Paul Toohey, The Australian, 26 Sept 09
Article link
IN hospitals around Australia, soldiers who have been seriously wounded in Afghanistan are checked in under false names in order to protect them from the public eye.
One Afghanistan veteran, in his early 20s, is in a private hospital in NSW. He has lost both his legs. The doctors and nurses treating him are sworn to secrecy. Were someone to ring the hospital's reception, asking for him by his real name, he would not exist.

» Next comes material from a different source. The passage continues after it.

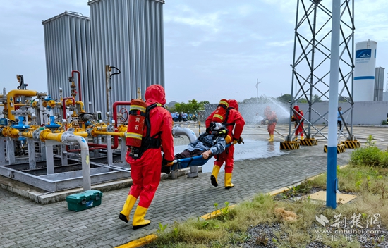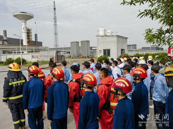 荊楚網(湖北日報網)訊(通訊員 寧靜)4月25日,開發區·鐵山區消防救援大隊在黃石宏和電子材料科技有限公司開展天然氣泄漏事故滅火救援實戰演練。

As far as the public knows, his terrible injuries never happened. There was no media release from the Defence Department giving even cursory details of this man's suffering. While the dead - there have been 11 Australians killed in Afghanistan - are seen coming home in coffins, in tragic airfield ramp ceremonies, discussion about the badly wounded, who come home in secret, is off limits.

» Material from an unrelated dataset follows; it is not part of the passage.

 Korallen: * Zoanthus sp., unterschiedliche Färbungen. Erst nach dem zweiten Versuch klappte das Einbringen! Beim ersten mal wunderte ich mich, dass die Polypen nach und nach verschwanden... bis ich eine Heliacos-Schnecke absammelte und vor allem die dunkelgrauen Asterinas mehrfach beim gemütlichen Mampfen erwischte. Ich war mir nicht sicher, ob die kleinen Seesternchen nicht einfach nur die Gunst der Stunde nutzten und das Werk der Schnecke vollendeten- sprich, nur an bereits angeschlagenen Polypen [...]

Silence is now official policy. Defence told The Weekend Australian: "In order to protect the privacy of wounded personnel and to aid convalescence, Defence does not publicly release details of the repatriation of wounded personnel. Tragically, some of these have been seriously wounded. However, the figures also include those with minor wounds who recover quickly and continue to serve in theatre."

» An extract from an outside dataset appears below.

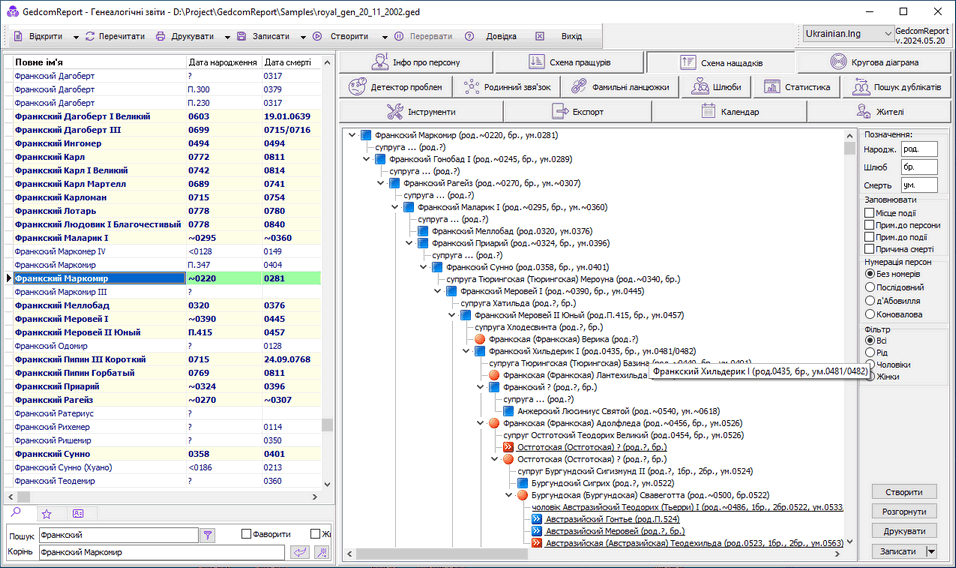 Також у версії 2016.11.11 з'явилася можливість відфільтрувати персон у дереві, що виводиться. Крім повного режиму (Всі), є можливість виведення Роду персони (дочки присутні у дереві, але їх нащадки вже не представлені), уявлення лише нащадків чоловічої чи жіночої статі. Друк Схеми нащадків здійснюється з повністю розгорнутими гілками вистави і максимально наближено до того виду, що видно на екрані (при виборі принтера можна вибрати Портретну або Альбомну орієнтацію паперу)

Australia knows almost nothing about its wounded soldiers. Defence revealed, in response to questions from The Weekend Australian, that 83 soldiers had suffered various forms of wounds in Afghanistan since late 2005, when Australians re-engaged in the war. It says the soldiers have a range of damage, from severe bruising, concussion and fractures, to gunshot and shrapnel wounds and significant blast trauma. Any further breakdown of those figures is not available.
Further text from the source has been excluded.